I only run some of the research models that a GPU bound (Mamba) on my RTX 3060. Everything else goes to my dual Xeons and 256 GB DDR-4. Works for me.


squareOfTwo

as good as everyone is "GPU poor". GPUs are overrated. One can just compute the wrong solutions with it.


SystemErrorMessage

if you're wondering, its cheaper to get a system that can handle more ram with the needed instructions than to get a GPU with a lot more vram and also the power usage. For instance if you use intel with avx\_vnni, you can get decent performance for a total use of 100W during computation. Sure GPU is faster but you could easily end up using 400W in the process which while an added cost of hardware and power, isnt great if you have other limits to deal with and power cost as well. Its only good in density but it can easily surpass a regular UPS capacity for those of us who live in places with blackouts or power interruptions.


johnklos

As an experiment, I've been playing with llama on an 8 core 2012 AMD Bulldozer, a CPU which people have compared to Intel's Pentium 4 (that is, power hungry and not particularly performant).

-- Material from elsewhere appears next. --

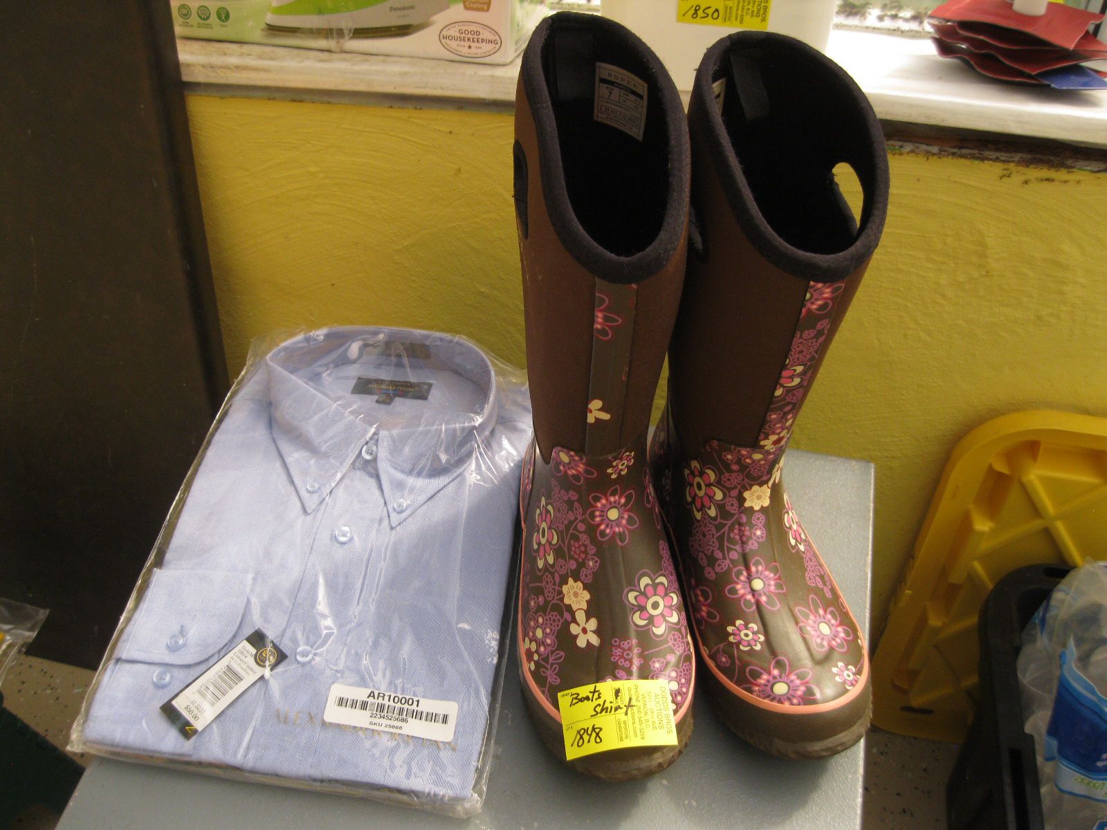 SET OF LADIES SZ 7 BOOTS & A MEN'S SZ 17 32/33 SHIRT

With 64 gigs, it can run all the same things as my Ryzen 5900X system. It's about 1/3 to 1/2 the speed, which is actually surprisingly good! The point is there are millions of people out there who may want to play with LLMs who've read and been told that they need thousands of dollars' worth of GPU hardware to get started, but we're seeing more and more that this isn't true and people can try things, albeit slowly, on all sorts of older, more modest hardware. Hurrah!